Leave out the pictures and output exactly the lines below from the one with "リンポポ州を中心とした各道場" down to the one with "Nuevo Eliminar de", both of them included.

[Recorded data]

-- Opening Marker --

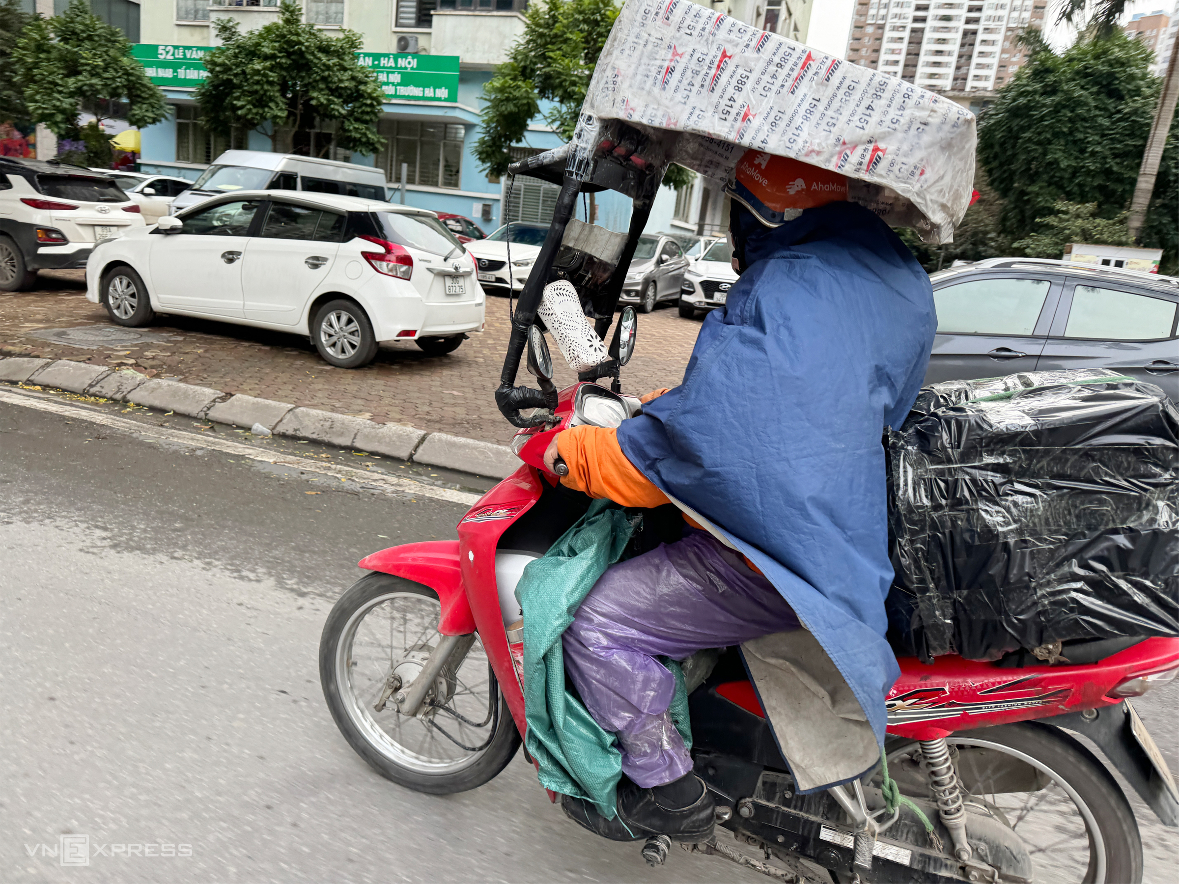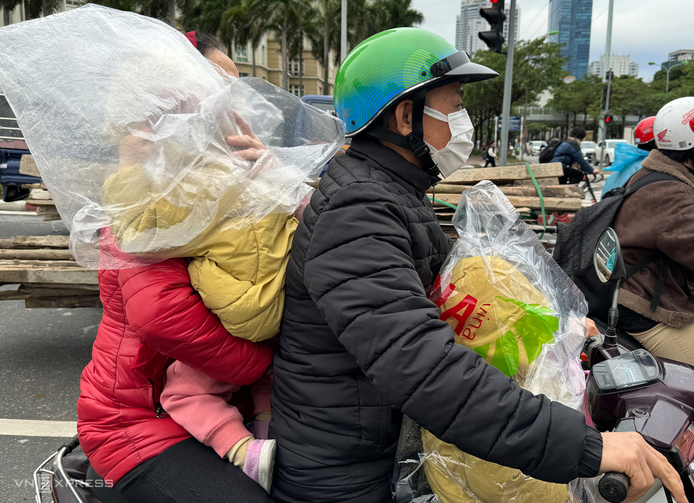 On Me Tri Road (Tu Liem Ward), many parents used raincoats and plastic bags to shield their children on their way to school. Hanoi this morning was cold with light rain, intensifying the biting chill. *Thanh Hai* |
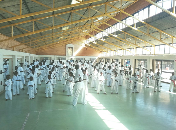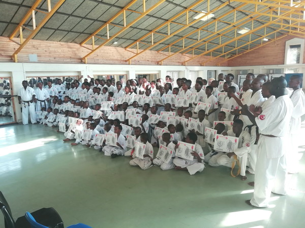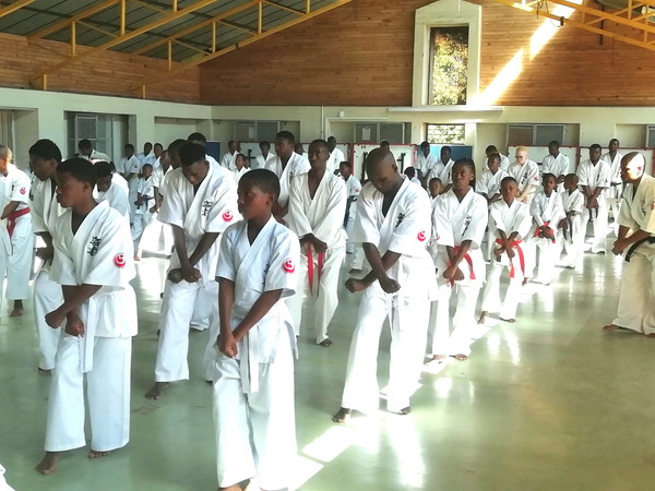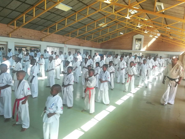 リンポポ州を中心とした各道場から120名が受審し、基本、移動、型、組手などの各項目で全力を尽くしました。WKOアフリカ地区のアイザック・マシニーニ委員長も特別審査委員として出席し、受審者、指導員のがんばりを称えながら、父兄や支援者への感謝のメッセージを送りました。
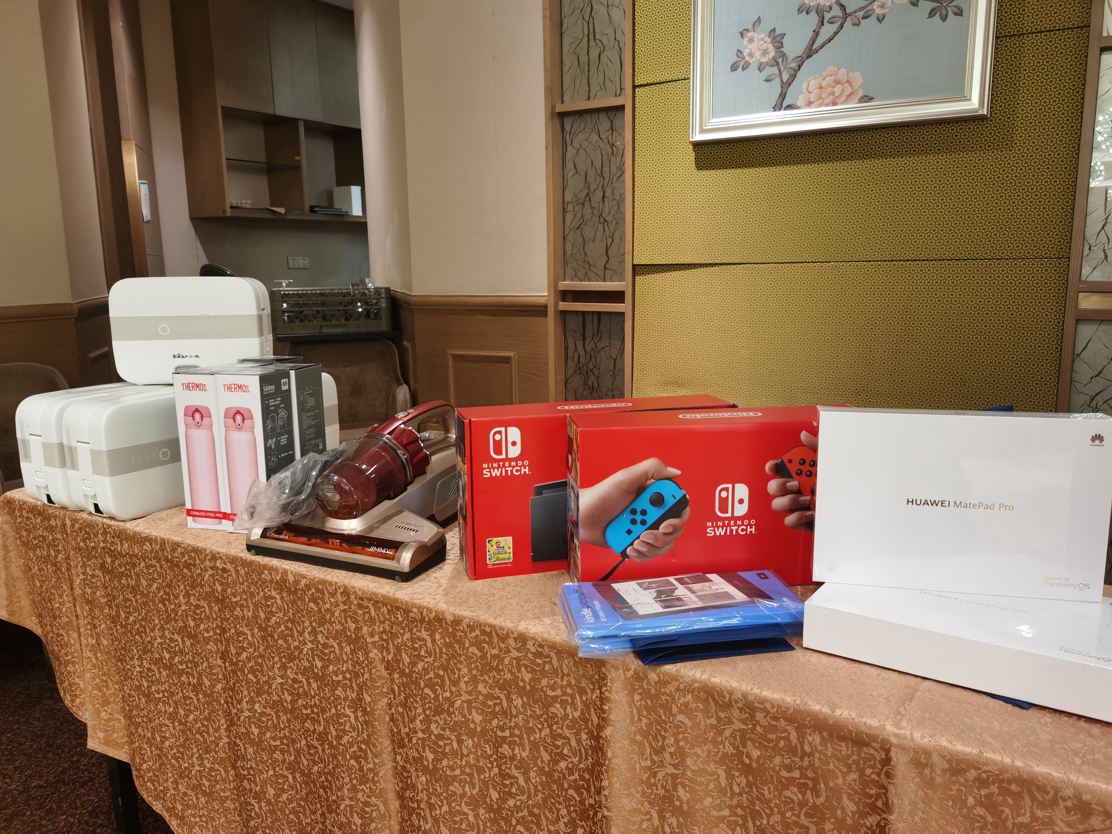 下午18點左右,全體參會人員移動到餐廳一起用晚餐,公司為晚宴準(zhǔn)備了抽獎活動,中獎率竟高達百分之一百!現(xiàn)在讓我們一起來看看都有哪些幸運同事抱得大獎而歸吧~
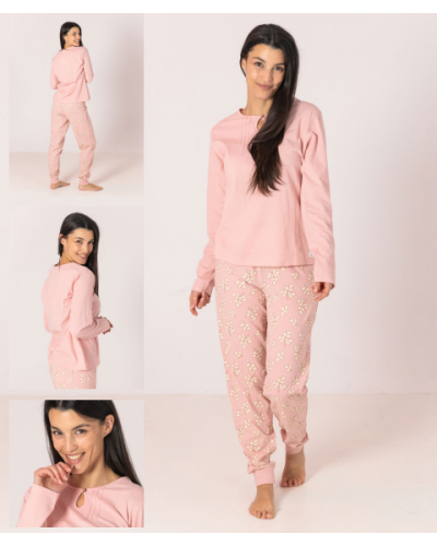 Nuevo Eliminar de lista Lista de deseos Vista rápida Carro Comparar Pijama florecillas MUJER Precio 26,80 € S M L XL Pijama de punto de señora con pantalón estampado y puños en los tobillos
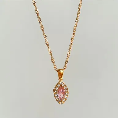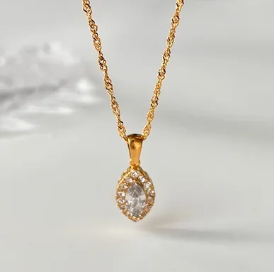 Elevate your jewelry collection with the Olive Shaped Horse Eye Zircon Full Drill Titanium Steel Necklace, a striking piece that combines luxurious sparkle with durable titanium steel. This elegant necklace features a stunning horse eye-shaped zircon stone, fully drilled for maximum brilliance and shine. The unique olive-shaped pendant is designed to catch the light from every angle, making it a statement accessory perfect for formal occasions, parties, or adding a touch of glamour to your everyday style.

-- Closing Marker --

_EXPECTED OUTPUT_:
 リンポポ州を中心とした各道場から120名が受審し、基本、移動、型、組手などの各項目で全力を尽くしました。WKOアフリカ地区のアイザック・マシニーニ委員長も特別審査委員として出席し、受審者、指導員のがんばりを称えながら、父兄や支援者への感謝のメッセージを送りました。
 下午18點左右,全體參會人員移動到餐廳一起用晚餐,公司為晚宴準(zhǔn)備了抽獎活動,中獎率竟高達百分之一百!現(xiàn)在讓我們一起來看看都有哪些幸運同事抱得大獎而歸吧~
 Nuevo Eliminar de lista Lista de deseos Vista rápida Carro Comparar Pijama florecillas MUJER Precio 26,80 € S M L XL Pijama de punto de señora con pantalón estampado y puños en los tobillos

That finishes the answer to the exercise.